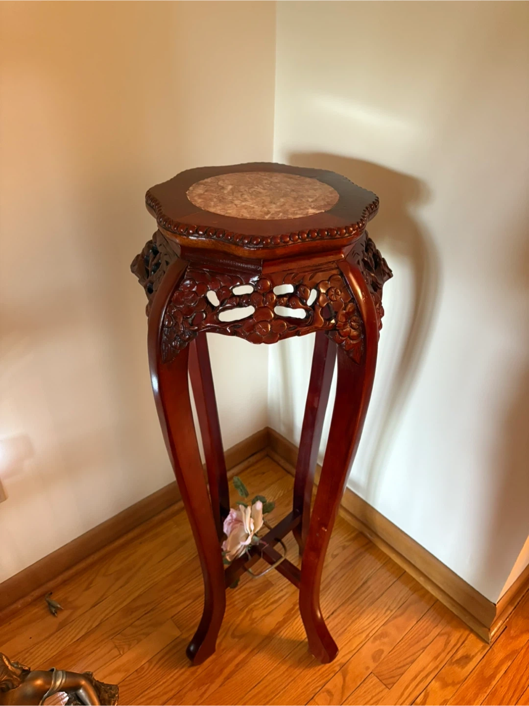 10Beautiful vintage wooden plant stand with a unique marble-like top. The stand features intricate carvings and a rich, dark finish. It's perfect for displaying plants or other decorative items in your home. It’s in great condition and ready to add a touch of elegance to your space
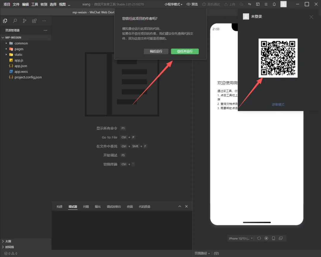 当AI开发完成第一版以后,我们就可以查看下效果了。我们运行微信开发者工具,运行后需要点击【信任并运行】,然后扫码登录微信开发者工具。
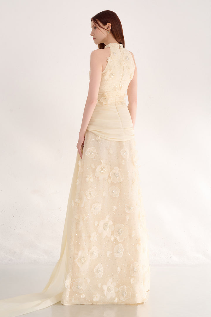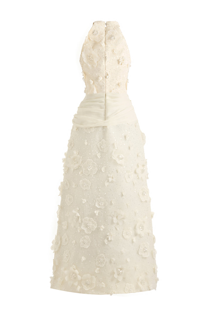 The dress combines timeless elegance with modern design. Crafted from smooth polyester, it features a flattering A-line silhouette that flows effortlessly. The halter neck detail highlights the shoulders and neckline, adding a sophisticated and stylish touch. Lightweight and comfortable, this dress is ideal for formal occasions or evening events where grace and poise are essential.
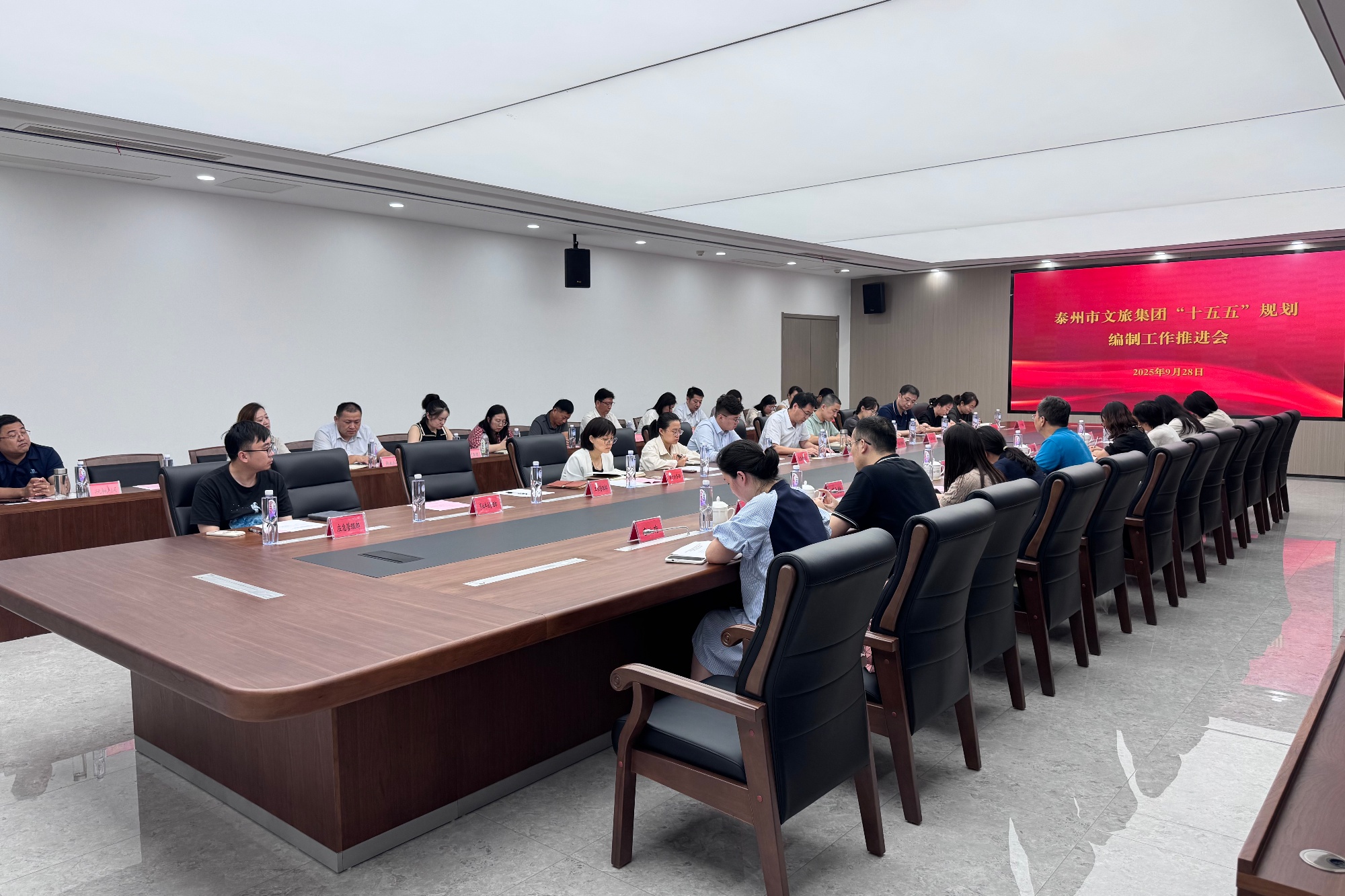 为更好服务地方企业发展,扎实推进“三融三促”工作,9月28日,经济与管理学院旅游管理专业团队在院长朱军带领下赴泰州市文化旅游发展集团有限公司,就团队所承担的企业“十五五”战略发展规划编制工作开展调研交流。市文旅集团党委委员、副总经理游浩润主持交流会,集团综合管理部、资产管理部、财务管理部、产业投资部、凤城河文旅公司等25个部门及子公司负责人出席交流座谈。

------------

> **WHAT TO DO**
With the pictures left out, transcribe the material exactly.

> **EXERCISE OUTPUT**
 10Beautiful vintage wooden plant stand with a unique marble-like top. The stand features intricate carvings and a rich, dark finish. It's perfect for displaying plants or other decorative items in your home. It’s in great condition and ready to add a touch of elegance to your space
 当AI开发完成第一版以后,我们就可以查看下效果了。我们运行微信开发者工具,运行后需要点击【信任并运行】,然后扫码登录微信开发者工具。
 The dress combines timeless elegance with modern design. Crafted from smooth polyester, it features a flattering A-line silhouette that flows effortlessly. The halter neck detail highlights the shoulders and neckline, adding a sophisticated and stylish touch. Lightweight and comfortable, this dress is ideal for formal occasions or evening events where grace and poise are essential.
 为更好服务地方企业发展,扎实推进“三融三促”工作,9月28日,经济与管理学院旅游管理专业团队在院长朱军带领下赴泰州市文化旅游发展集团有限公司,就团队所承担的企业“十五五”战略发展规划编制工作开展调研交流。市文旅集团党委委员、副总经理游浩润主持交流会,集团综合管理部、资产管理部、财务管理部、产业投资部、凤城河文旅公司等25个部门及子公司负责人出席交流座谈。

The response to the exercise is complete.